Let's consider the polynomials
$$ p_n(x) = \prod_{i=0}^{n-1}(x-i)=\sum_{i=1}^{n} a_{n,i}x^i$$.
for all $n \in \mathbb{N}$. If $n=1$, then $p_1(x) = x$ and $a_{1,1} = 1$.
Since I know that:
$$p_{n+1}(x) = p_n(x)(x-n)$$
then I can deduce the following:
$$\begin{eqnarray} \sum_{i=1}^{n+1} a_{n+1,i}x^i & = & \sum_{i=1}^{n} a_{n,i}x^i(x-n) = \\ & = & \sum_{i=1}^{n} a_{n,i}x^{i+1}-\sum_{i=1}^{n} na_{n,i}x^i = \\ & = & \sum_{i=2}^{n+1} a_{n,i-1}x^{i}-\sum_{i=1}^{n} na_{n,i}x^i = \\ & = & a_{n,n}x^{n+1} + \sum_{i=2}^{n} (a_{n,i-1}-na_{n,i})x^i -na_{n,1}x.\\ \end{eqnarray}$$
Then I get this recurrence relation for the coefficients $a$:
$$\left\{\begin{array}{lcll} a_{n+1,n+1} & = & a_{n,n} & \\ a_{n+1,i} & = & a_{n,i-1}-na_{n,i} &~\forall i \in \{2, \ldots, n\}, ~\forall n \geq 2 \\ a_{n+1,1} & = & -na_{n,1} & \\ a_{1,1} & = & 1 & \end{array}\right.$$
Is this right?

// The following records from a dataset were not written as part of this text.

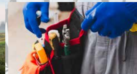
PREDSTAVITEV OBRJNIŠKIH IN INSTALACIJSKIH DEL
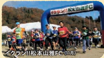
イクラン!! 松本山雅FC (11月)
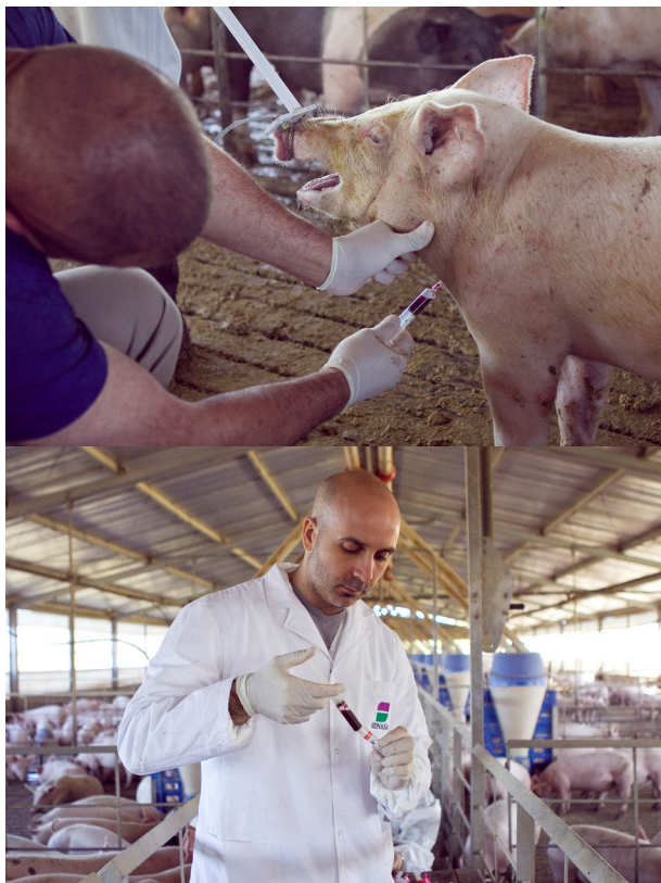
La toma de muestras permite el seguimiento del estado sanitario de los animales.

Independientemente del sistema de producción, el flujo de movimientos (animales, personas, insumos) debería ser unidireccional, esto quiere decir que se deben planificar las instalaciones para que durante el trabajo diario se pueda recorrer la granja desde los animales de menor edad hacia los de mayor edad: 1º, maternidad; 2º, destete; 3º, desarrollo/engorde.
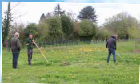
L'Association Titricum vous faisait découvrir les outils anciens avec séance pratique et proposait des jeux de reconnaissance de graines et une mini meunerie.
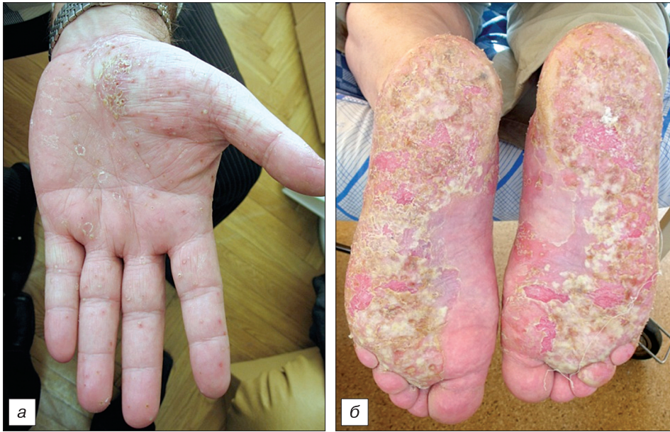
Рис. 9. Ладонно-подошвенный псориаз (а, б).
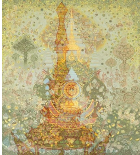
ภาพที่ 20 วิเคราะห์ค่าความสดของสี
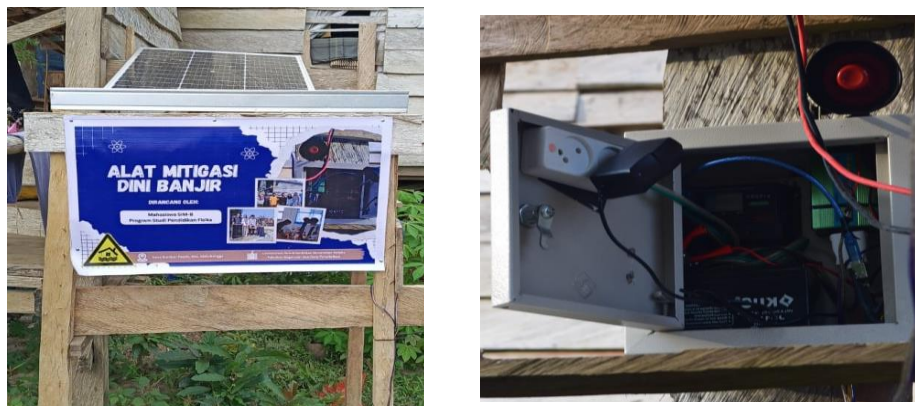
Gambar 5: Pemasangan Alat secara Permanen

Selanjutnya dilakukan pemasangan alat di Desa Sumber Rejeki, sistem peringatan dini banjir yang telah diuji coba sebelumnya dipasang secara permanen di lokasi yang telah ditentukan, yaitu di sekitar aliran sungai yang sering meluap. Pemasangan dilakukan dengan memastikan posisi sensor pelampung berada pada ketinggian yang tepat agar dapat mendeteksi perubahan air secara akurat. Selain itu, panel surya, aki, serta rangkaian pendukung lainnya juga dipasang dengan rapi agar alat dapat beroperasi secara optimal dan tahan terhadap kondisi lingkungan luar.
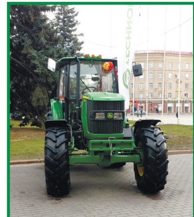
Трактор John Deere, который получил Брянский ГАУ

До начала официальной части мероприятия руководители области ознакомились с представленной на выставке продукцией сельского хозяйства и перераба-
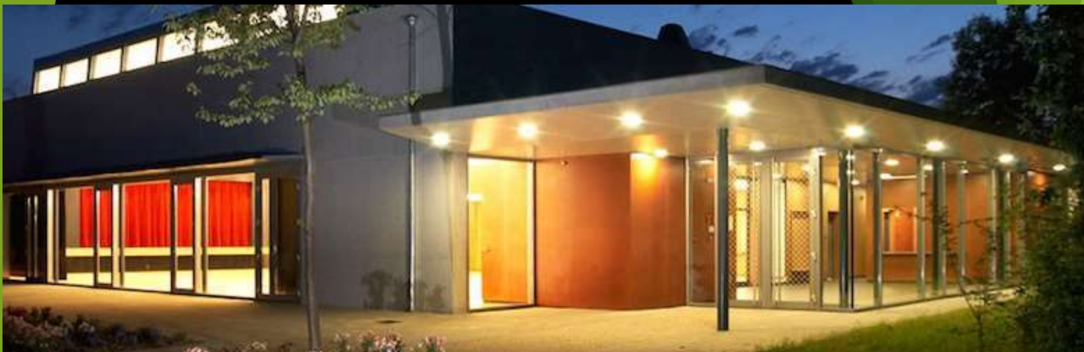
Salle des Fêtes Schoenau
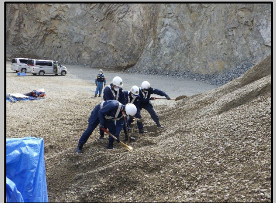
土砂埋没家屋の掘り起こし
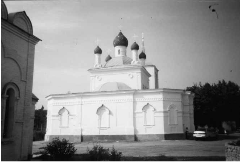
Церква Св. Покрови. Дубовка, серпень 2006 р.
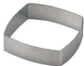
12 正方A型 (WDB-68) 内
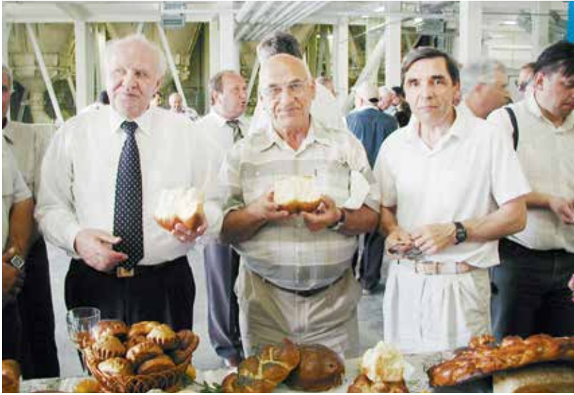
Спору нет: орловский хлеб самый вкусный!
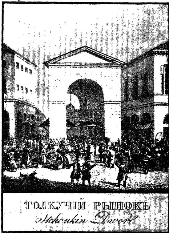
Къ № 411.

Книга печатана славянскимъ шрифтомъ. На оборотѣ загл. листа, приведеннаго выше, рамка, рѣз. на деревѣ, въ которой изобра- жено нѣсколько цвѣтовъ; въ рамкѣ надпись: „яко цвѣтъ селный—такъ цвѣтеть человекъ“. Подъ виньеткою обращеніе къ юнымъ учени-
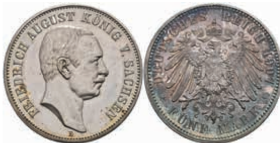
561 5 Mark, 1907, Friedrich August III., Haarlinien, st. Prachtexemplar! J. 136 250,—
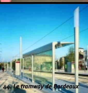
44. Le tramway de Bordeaux
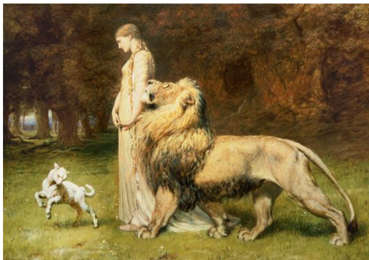
Fig. 8. En la Edad de Oro, no existían depredadores.

El paraíso de Tiamat no sólo incluía una pequeña zona de montaña, sino que también se extendía por todo el planeta. La vida era simple, pero no demasiado simple: había también desafíos, que debían ser para hacer cosas interesantes, pero las guerras eran desconocidas por el Namlú'u, que sólo había conocido la paz desde que se crearon sus almas. Al igual que los vulcanos y los Khan, que estaban presentes en el planeta, junto con su comandante, el príncipe Ninurta, el Namlú'u eran los Hijos de la Diosa Madre .
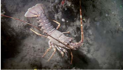
langosta ( Palinurus elephas )
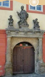
MODLETICKÝ DŮM - PORTÁL
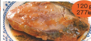
8. さばのみそ煮 1食(A)
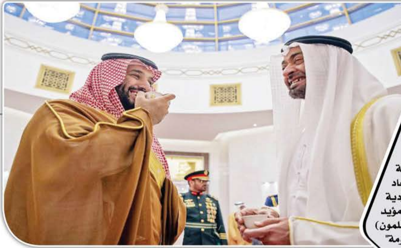
أدين محمد صديفة "ميدل إيست آي" البريطانية

أدى الربيع العربي خلال الفترة (2010 - 2011) إلى شروخ سياسية وجيوسياسية. وتعلق الانقسامات السياسية بالتطورات التي لحقت بالأنظمة التي اندلعت الثورات ضدها، بينما تتعلق الانقسامات الجيوسياسية بتوازن القوى في جميع أنحاء العالم العربي. في وقت مبكر من الانتفاضتين التونسية والمصرية، اتضحت 3 محاور جيوسياسية متميزة في الشرق الأوسط: محور معاد للثورة بشكل علني بقيادة السعودية والإمارات، ومحور إصلاح إسلامي (مؤيد للجهات الثورية بما في ذلك الإخوان المسلمون) بقيادة تركيا وقطر، و"محور المقاومة" (مقاومة الولايات المتحدة وإسرائيل)، وتجسده إيران وسوريا و"حزب الله".
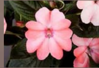
Compact Blush Pink
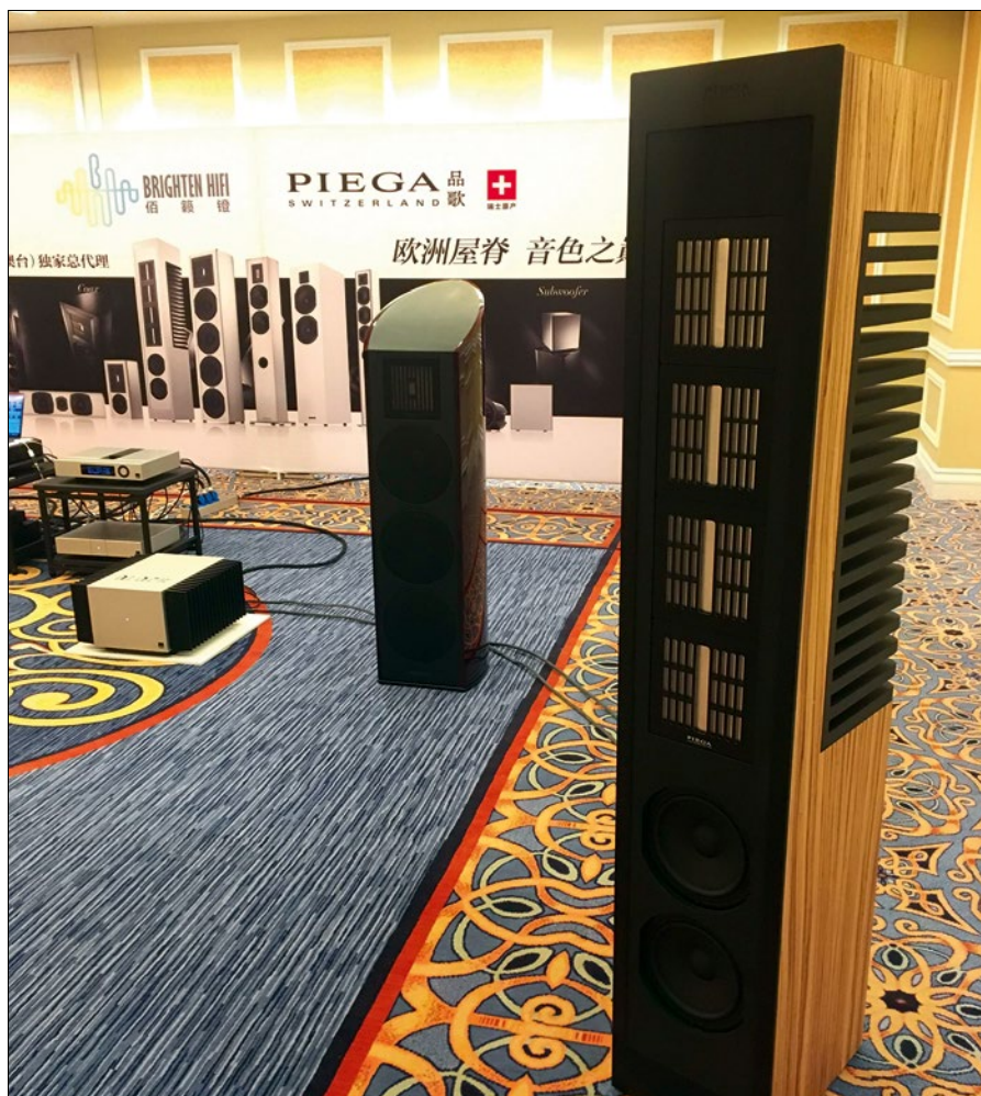
Auf der MIAV 2018 in Macao hat es Klick gemacht. In Kombination mit den Mono Block-Verstärkern von Blockaudio s.r.o. spielten die MLS2 perfekt auf

klings perfekt.“ Wir hatten an dem Tag eigentlich noch weitere Termine, die aber dann erst mal warten mussten. Verstört und betört ließen wir den Blick durch den Raum schweifen. Da standen neben den Piega MLS2 auch noch Lautsprecher aus der Classic Line des Schweizer Unternehmens im Raum. Aber warum waren wir auf einmal so angetan von den MLS2, die uns doch bis dato zwar bekannt waren, aber auf Messen und Veranstaltungen nie wirklich von den Socken gehauen haben? Der Schlüssel liegt im Verstärker. In Macao spielte man mit einem uns bis dahin unbekanntem Mono-Endstufen-Modell des tschechischen Herstellers Blockaudio s.r.o mit dem überraschenden, wie naheliegenden Namen Mono Block. Ein 90 Kilo-Hammer in doppelter Ausführung. 500 Watt bringt einer auf die Beine, davon alleine 200 Watt in reiner Class
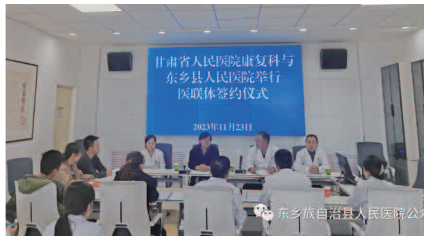
甘肃省人民医院康复科与东乡县人民医院举行医联体签约仪式

【对口帮扶】 2023 年上半年甘肃省人民医院“组团式”帮扶专家 13 名，共收治门急诊患者 1100 余人，查房 200 余次，收治住院病人 200 余人，开展讲座 50 次，讲座培训 1018 人次，开展手术 78 例，手术示教 6 例，会诊 77 人次，义诊
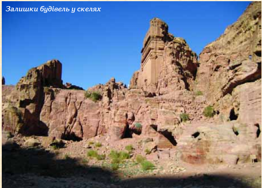
Залишки будівель у скелях

I wrote a Matlab code for this but it seems to work only up to $n=19$!!! I mean, I produce two polynomials, one using the formula
$$p_n(x) = \prod_{i=0}^{n-1}(x-i)$$
and one using the recurrence relation I found. When $n=20$, the difference between the two polynomial is not $0$. Is my maths correct or I have to review my code?
Hint: $a_{n,i}$ are the Stirling numbers of the first kind